Dataset extract
::::::::

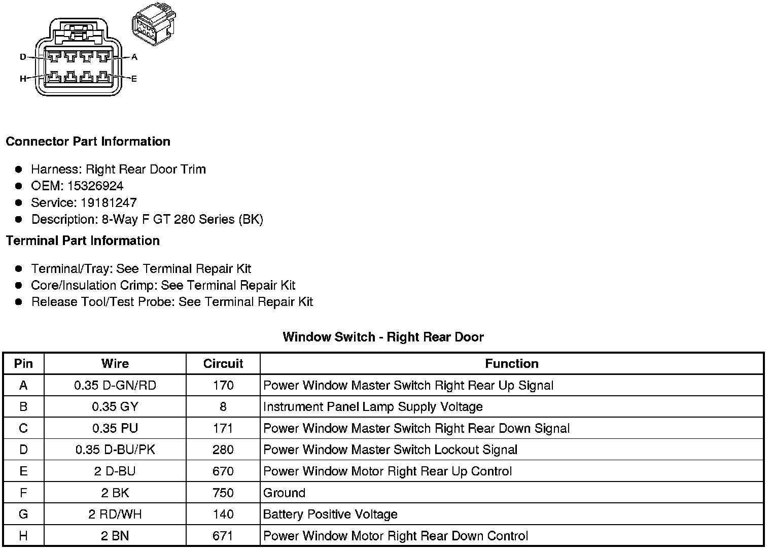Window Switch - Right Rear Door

::::::::

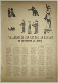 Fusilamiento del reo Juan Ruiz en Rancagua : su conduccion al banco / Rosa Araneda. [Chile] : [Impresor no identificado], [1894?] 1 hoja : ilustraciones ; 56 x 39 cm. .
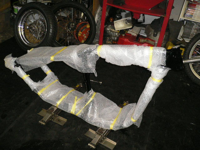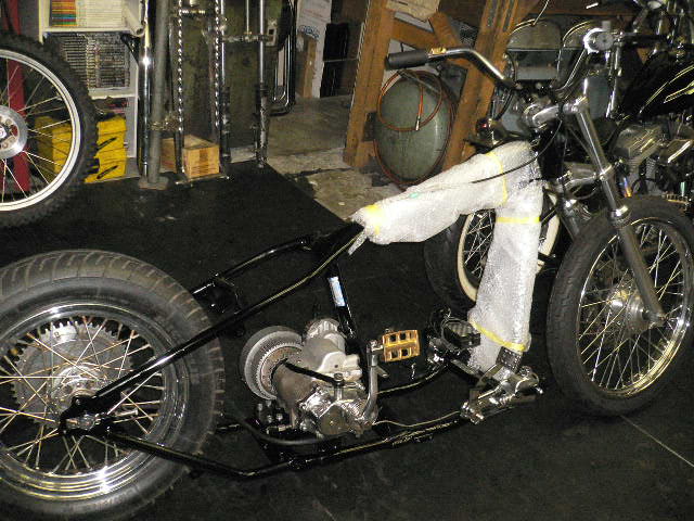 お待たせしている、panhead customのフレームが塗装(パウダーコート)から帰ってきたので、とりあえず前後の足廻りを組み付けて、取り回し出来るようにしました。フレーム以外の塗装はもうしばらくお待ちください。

::::::::

Required action
Looking above, find the stretch of lines that opens with the one holding "Fusilamiento del reo" and closes with the one holding "お待たせしている、panhe". Copy it exactly, pictures excluded.

Result
 Fusilamiento del reo Juan Ruiz en Rancagua : su conduccion al banco / Rosa Araneda. [Chile] : [Impresor no identificado], [1894?] 1 hoja : ilustraciones ; 56 x 39 cm. .
 お待たせしている、panhead customのフレームが塗装(パウダーコート)から帰ってきたので、とりあえず前後の足廻りを組み付けて、取り回し出来るようにしました。フレーム以外の塗装はもうしばらくお待ちください。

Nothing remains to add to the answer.